▸ **What is required**
Please retype the listing below word for word and exclude its images.

▸ **Given information**
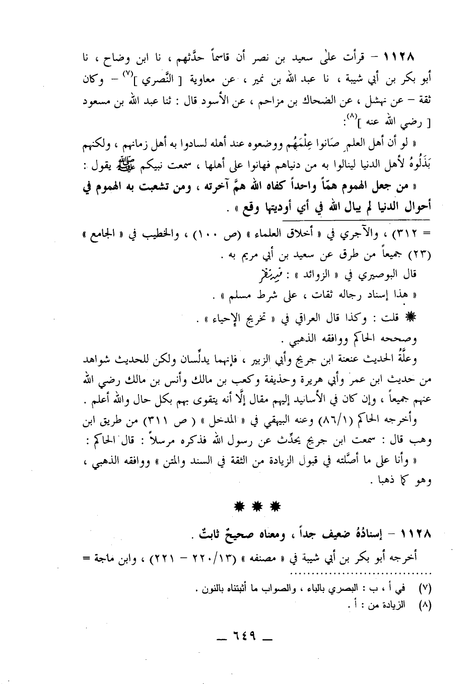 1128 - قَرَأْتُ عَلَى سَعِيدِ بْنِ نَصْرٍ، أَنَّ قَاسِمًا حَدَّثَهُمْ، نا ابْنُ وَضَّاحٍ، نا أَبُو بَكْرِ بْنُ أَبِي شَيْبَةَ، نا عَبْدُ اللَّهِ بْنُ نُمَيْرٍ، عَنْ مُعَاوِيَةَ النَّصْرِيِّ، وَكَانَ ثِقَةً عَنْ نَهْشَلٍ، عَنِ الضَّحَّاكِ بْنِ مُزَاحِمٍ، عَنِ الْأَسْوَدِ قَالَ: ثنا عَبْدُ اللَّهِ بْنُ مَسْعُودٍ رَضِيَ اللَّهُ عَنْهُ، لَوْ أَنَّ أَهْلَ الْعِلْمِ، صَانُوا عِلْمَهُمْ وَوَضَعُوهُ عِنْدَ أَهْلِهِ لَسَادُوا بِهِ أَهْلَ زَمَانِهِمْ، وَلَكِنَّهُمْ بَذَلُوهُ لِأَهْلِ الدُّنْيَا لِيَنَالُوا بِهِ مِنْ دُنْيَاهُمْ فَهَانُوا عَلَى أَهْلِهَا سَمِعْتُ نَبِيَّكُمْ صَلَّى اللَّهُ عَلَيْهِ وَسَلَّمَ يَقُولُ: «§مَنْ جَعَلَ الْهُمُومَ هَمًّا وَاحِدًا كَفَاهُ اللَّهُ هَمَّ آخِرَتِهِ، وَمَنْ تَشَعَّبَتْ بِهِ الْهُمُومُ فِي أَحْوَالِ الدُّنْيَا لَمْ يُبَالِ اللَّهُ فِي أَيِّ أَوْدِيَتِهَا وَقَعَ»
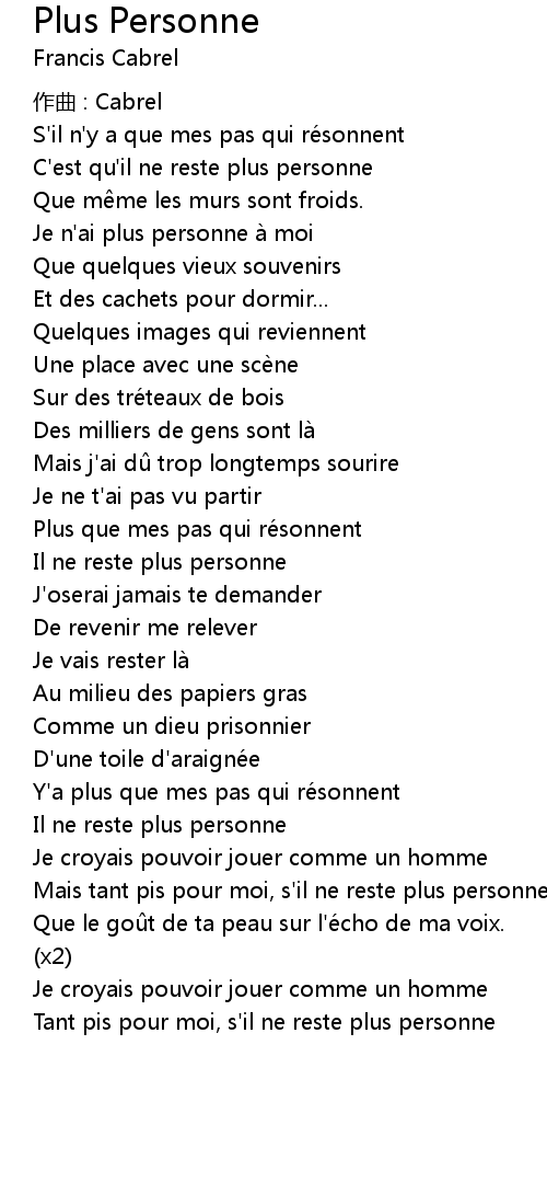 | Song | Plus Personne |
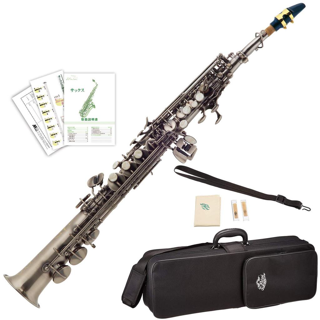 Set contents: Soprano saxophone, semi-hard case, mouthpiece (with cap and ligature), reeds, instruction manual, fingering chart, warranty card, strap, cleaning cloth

▸ **Answer box**
 1128 - قَرَأْتُ عَلَى سَعِيدِ بْنِ نَصْرٍ، أَنَّ قَاسِمًا حَدَّثَهُمْ، نا ابْنُ وَضَّاحٍ، نا أَبُو بَكْرِ بْنُ أَبِي شَيْبَةَ، نا عَبْدُ اللَّهِ بْنُ نُمَيْرٍ، عَنْ مُعَاوِيَةَ النَّصْرِيِّ، وَكَانَ ثِقَةً عَنْ نَهْشَلٍ، عَنِ الضَّحَّاكِ بْنِ مُزَاحِمٍ، عَنِ الْأَسْوَدِ قَالَ: ثنا عَبْدُ اللَّهِ بْنُ مَسْعُودٍ رَضِيَ اللَّهُ عَنْهُ، لَوْ أَنَّ أَهْلَ الْعِلْمِ، صَانُوا عِلْمَهُمْ وَوَضَعُوهُ عِنْدَ أَهْلِهِ لَسَادُوا بِهِ أَهْلَ زَمَانِهِمْ، وَلَكِنَّهُمْ بَذَلُوهُ لِأَهْلِ الدُّنْيَا لِيَنَالُوا بِهِ مِنْ دُنْيَاهُمْ فَهَانُوا عَلَى أَهْلِهَا سَمِعْتُ نَبِيَّكُمْ صَلَّى اللَّهُ عَلَيْهِ وَسَلَّمَ يَقُولُ: «§مَنْ جَعَلَ الْهُمُومَ هَمًّا وَاحِدًا كَفَاهُ اللَّهُ هَمَّ آخِرَتِهِ، وَمَنْ تَشَعَّبَتْ بِهِ الْهُمُومُ فِي أَحْوَالِ الدُّنْيَا لَمْ يُبَالِ اللَّهُ فِي أَيِّ أَوْدِيَتِهَا وَقَعَ»
 | Song | Plus Personne |
 Set contents: Soprano saxophone, semi-hard case, mouthpiece (with cap and ligature), reeds, instruction manual, fingering chart, warranty card, strap, cleaning cloth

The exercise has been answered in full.